- Exercise description -
Could you print only the lines from the one containing "В 09:05 станция" through the end of the listing below, unchanged?
------------------------------------------------------------------------
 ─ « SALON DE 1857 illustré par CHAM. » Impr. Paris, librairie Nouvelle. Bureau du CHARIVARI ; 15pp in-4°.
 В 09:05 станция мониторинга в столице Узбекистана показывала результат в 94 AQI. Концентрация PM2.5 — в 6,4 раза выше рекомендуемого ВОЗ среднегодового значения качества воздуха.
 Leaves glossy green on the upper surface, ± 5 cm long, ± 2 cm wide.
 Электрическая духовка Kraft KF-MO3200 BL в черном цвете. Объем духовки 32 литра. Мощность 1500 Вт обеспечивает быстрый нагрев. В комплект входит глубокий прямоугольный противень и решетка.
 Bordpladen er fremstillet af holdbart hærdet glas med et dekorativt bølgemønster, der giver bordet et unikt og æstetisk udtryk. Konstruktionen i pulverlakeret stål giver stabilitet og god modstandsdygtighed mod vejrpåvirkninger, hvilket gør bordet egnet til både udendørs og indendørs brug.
------------------------------------------------------------------------
- Answer to the problem -
 В 09:05 станция мониторинга в столице Узбекистана показывала результат в 94 AQI. Концентрация PM2.5 — в 6,4 раза выше рекомендуемого ВОЗ среднегодового значения качества воздуха.
 Leaves glossy green on the upper surface, ± 5 cm long, ± 2 cm wide.
 Электрическая духовка Kraft KF-MO3200 BL в черном цвете. Объем духовки 32 литра. Мощность 1500 Вт обеспечивает быстрый нагрев. В комплект входит глубокий прямоугольный противень и решетка.
 Bordpladen er fremstillet af holdbart hærdet glas med et dekorativt bølgemønster, der giver bordet et unikt og æstetisk udtryk. Konstruktionen i pulverlakeret stål giver stabilitet og god modstandsdygtighed mod vejrpåvirkninger, hvilket gør bordet egnet til både udendørs og indendørs brug.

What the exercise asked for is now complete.